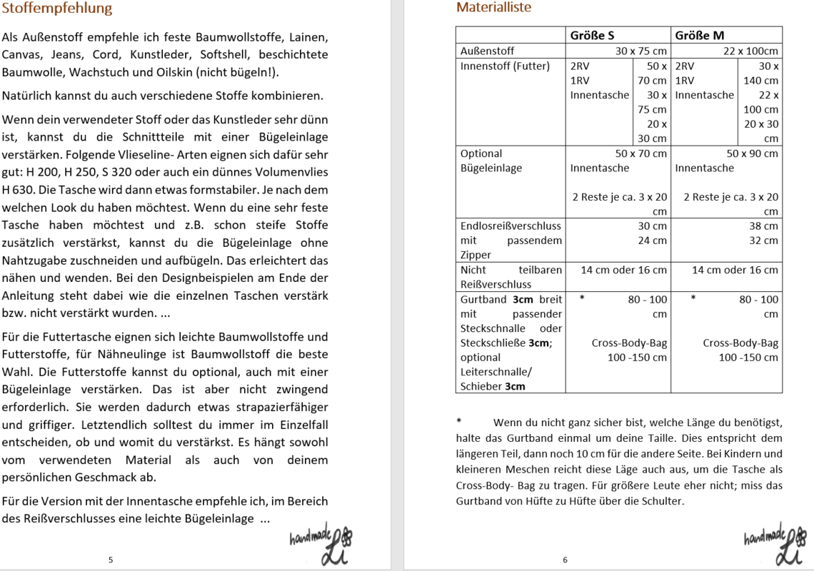 Das E-Book beinhaltet zwei Schnittmuster: Größe S 34cm breit x 15 cm hoch x 10cm tief und Größe M 40 cm breit x 18 cm hoch x 10cm tief. Mit 2 Reißverschlüssen Sie kann in 2 Größen genäht werden, wahlweise auch nur mit einem Reißverschluss oder Innentasche. Die Tasche ist gefüttert.
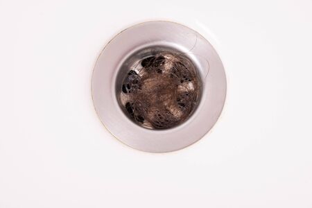 iron drain in the bathroom clogged with hair on a white background
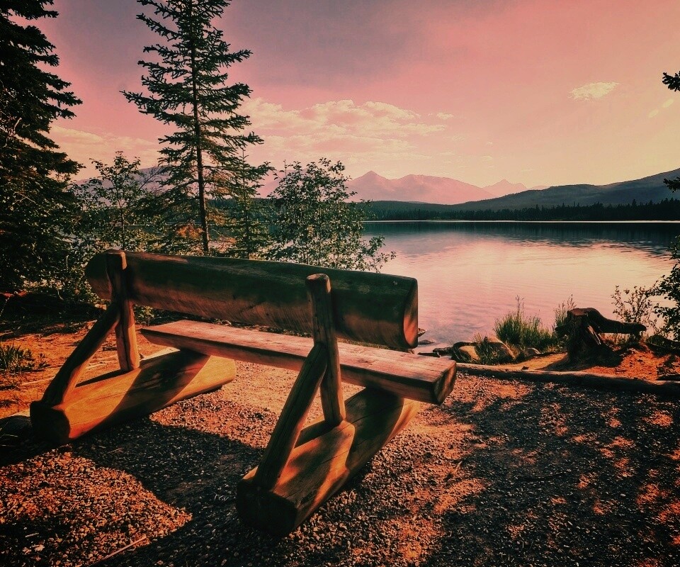 «Деревянная скамья на берегу озера»

===

Problem to solve ▸
Set down the data again, exactly, without images.

Answer below ▸
 Das E-Book beinhaltet zwei Schnittmuster: Größe S 34cm breit x 15 cm hoch x 10cm tief und Größe M 40 cm breit x 18 cm hoch x 10cm tief. Mit 2 Reißverschlüssen Sie kann in 2 Größen genäht werden, wahlweise auch nur mit einem Reißverschluss oder Innentasche. Die Tasche ist gefüttert.
 iron drain in the bathroom clogged with hair on a white background
 «Деревянная скамья на берегу озера»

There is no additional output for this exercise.